ECLI:NL:RBDHA:2020:2557

Rechtbank Den Haag

Datum uitspraak
20 maart 2020
Publicatiedatum
23 maart 2020
Zaaknummer
NL20.5891
Instantie
Rechtbank Den Haag
Type
Uitspraak
Rechtsgebied
Bestuursrecht; Vreemdelingenrecht
Procedures
  • Eerste aanleg - enkelvoudig
Rechters
Vindplaatsen
  • Rechtspraak.nl
AI samenvatting door LexboostAutomatisch gegenereerd

Vreemdelingenbewaring en overdracht naar Frankrijk in het licht van de Dublinverordening en coronamaatregelen

In deze zaak heeft de Rechtbank Den Haag op 20 maart 2020 uitspraak gedaan in een bestuursrechtelijke procedure betreffende de vreemdelingenbewaring van een eiser met de Syrische nationaliteit.
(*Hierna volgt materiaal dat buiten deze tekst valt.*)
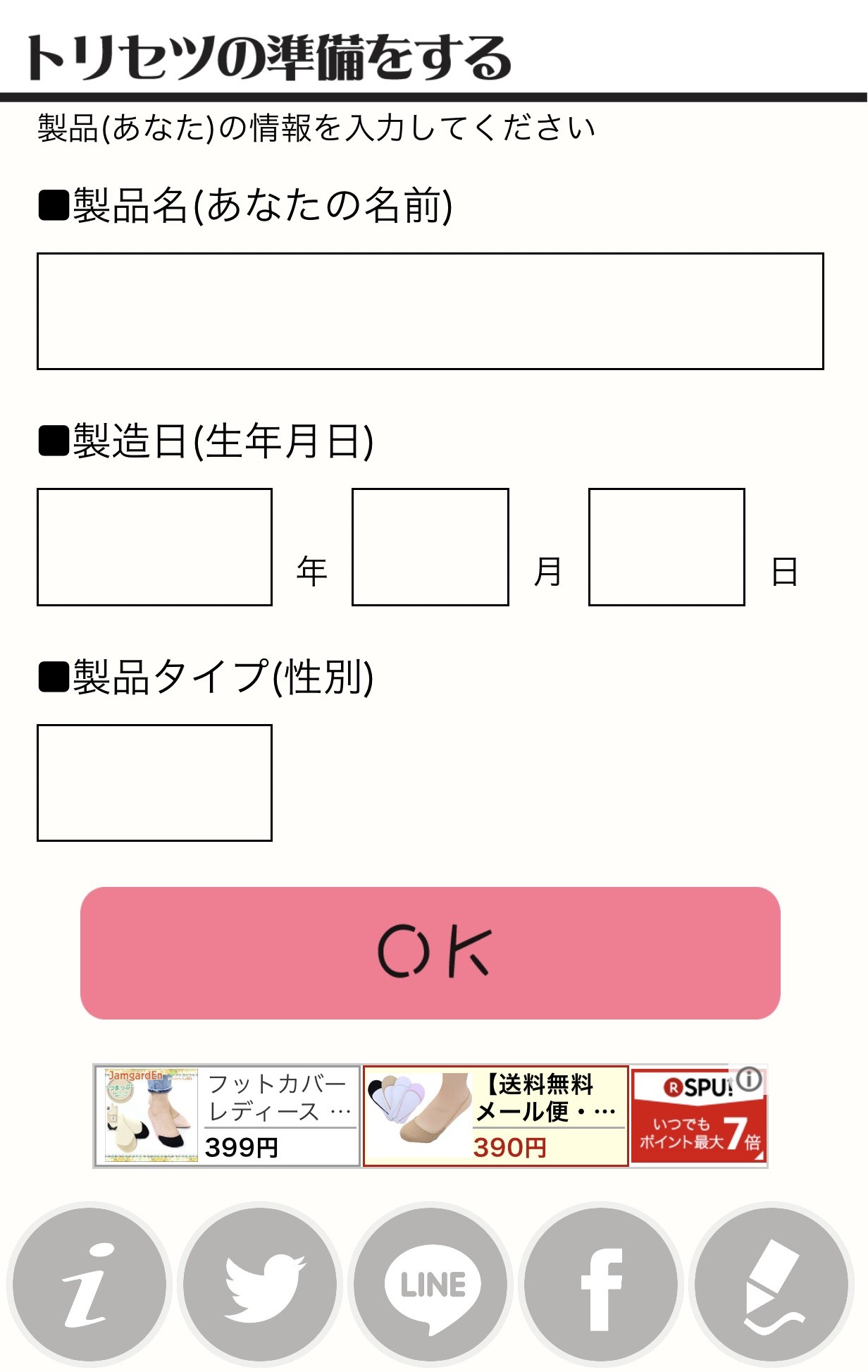 このアプリで性格診断をするには、まずは名前、生年月日、性別を入力します。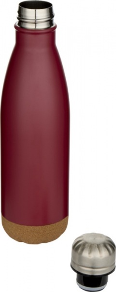 Vákuovo izolovaná fľaša na vodu z nerezovej ocele s korkovými detailmi na dne. Dvojitá izolácia udrží nápoje teplé alebo studené po dobu niekoľkých hodín. Dodáva sa v darčekovej krabičke z recyklovanej lepenky. Objemová kapacita: 500 ml.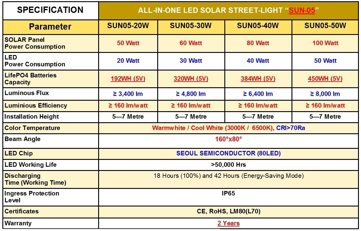 คุณสมบัติพิเศษของชุดโคมไฟถนน LED SOLARCELL SUN-05
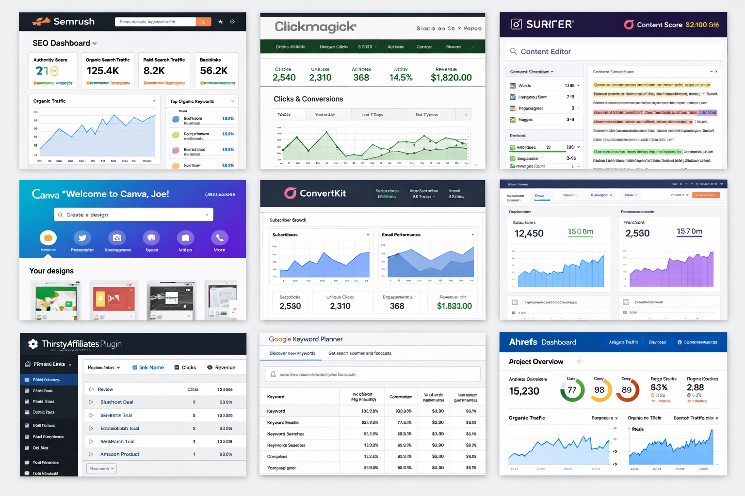 Choosing the right mix of tools is a practical way for affiliates to scale in 2026. For most publishers, an audit-first approach works best: evaluate site performance, pick one all‑in‑one platform or a specialist for the highest-priority gap, then validate with a short paid plan or free trial. Semrush suits affiliates who want an all‑in‑one SEO and competitive research suite; Ahrefs excels at backlink and link-growth strategies; ClickMagick provides link-level tracking and split‑testing; and ConvertKit covers email funnels and customer nurture.

De staatssecretaris van Justitie en Veiligheid had op 3 maart 2020 een maatregel van bewaring opgelegd op basis van artikel 59a, eerste lid, van de Vreemdelingenwet 2000. Eiser heeft hiertegen beroep ingesteld, waarbij hij tevens schadevergoeding heeft verzocht. Tijdens de zitting op 16 maart 2020 is eiser verschenen, bijgestaan door zijn gemachtigde, en is er een tolk in de Arabische taal aanwezig geweest.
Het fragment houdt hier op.